– Не бойся. Иди к Беловой прямо с одной инструкцией – не исполнять ни одного ее распоряжения.

Амосов был неплохой мужик, старый колымчанин, сам отработал в забое положенный годовой срок. Специалист – ни врач, ни ученый, не был избавлен от этой трудовой карьеры, которой Ежов придавал величайшее политическое значение. Все катали тачки, хирурги и экономисты, бухгалтеры и психиатры, физики и метафизики, подпольщики с дореволюционным стажем и комсомольцы, все и счетоводы – как Калембет называл интеллигентов. Первыми из этой карьеры вышли бухгалтеры – было разрешение считать раньше, чем лечить и строить.

Амосов тоже год катал тачку и хорошо запомнил роль блатарей в избиении пятьдесят восьмой статьи, когда блатари палками выбивали план из троцкистов и фашистов.

Амосов кончил срок, работал на административной работе. Главврач большой больницы. Но он был отравлен Колымой. Он пил и пил каждый день, пока не падал с ног. Человек железного здоровья. Утром он умывался и, чуть покачиваясь и отдуваясь, двигался в кабинет. Ровно в 9 часов он начинал прием.

Амосов женился даже на какой-то молодой договорнице, которую звал и сам и все работники больницы Аней. Однажды мне случилось быть на вольном поселке ночью. В квартире Амосова – он жил на втором этаже – горел свет, и Амосов стоял на балконе.

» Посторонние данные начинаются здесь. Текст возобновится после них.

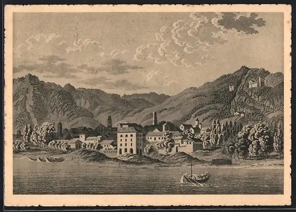 Künstler-AK Locarno, Uferpartie mit Boot

Рядом стояла в одеяле и ночной рубашке его жена, его Аня.

– Прыгай, блядь! – кричад Амосов на жену, указывая с балкона. – Прыгай!

Но Аня вернулась в комнату, и главврач задернул занавеску.

Потом Амосов работал и жил в Магадане – в пятьдесят первом году я встретил его на улице, когда пытался уехать из Магадана на материк.

А потом – я еще был на Колыме, в Адыгалахе, в дорожном управлении – Амосов умер, от инфаркта.


Я познакомился с Беловой.

– Ты здесь работать не будешь!

– Ну не буду, так не буду. А так от меня требует главный врач, поэтому мы тут кое-что переставим.

Белова исчезла и не ходила в приемный покой дня два. На третий день меня вызвал Амосов.

– Вот я тебе прочту рапорт Беловой.


Начальнику Центральной больницы М. А. Винокурову заведующей приемным покоем B.C. Беловой. Рапорт.

В приемный покой на должность фельдшера назначен заключенный Шаламов неоднократно осужденный за контрреволюционные преступления, как мне удалось выяснить в спецчасти, з/к Шаламов был осужден в 1929, 1937, в 1943 году, является кадровым троцкистом и врагом народа. Я не могу работать в окружении таких махровых контрреволюционеров и преступников, как Шаламов.

С работой в приемном покое справляюсь. В этом назначении я вижу руку немецкой разведки, которая внедряет троцкистских агентов в нашу больницу.

К тому же Шаламов груб и вчера дважды довел меня до истерики. Моих распоряжений он не выполняет.

Прошу немедленно решить этот важный государственный вопрос.

В. С. Белова.

А какое мнение начальника больницы?

– Вот, – и Амосов протянул мне рапорт Беловой, где Винокуров написал поперек листа своим уверенным почерком опытного колымского администратора, которому встречались и не такие проблемы:

«Тов. Амосову. Приучите своих подчиненных по таким вопросам обращаться лично к вам. М. Винокуров».

– А почему ты груб? Почему она пишет: груб так, что у нее было два истерических припадка. Матом ты ее, что ли?

– Ну, что вы? Каким матом? Пальто просто не подал.

– Так подай! Подай пальто! – Амосов выскочил из-за стола. – Подай даме пальто. Ведь тут двойная субординация: она начальник – ты подчиненный. Она женщина – ты мужчина. Двойная субординация.

– Даже тройная, – сказал я. – Она – вольная. Я – заключенный.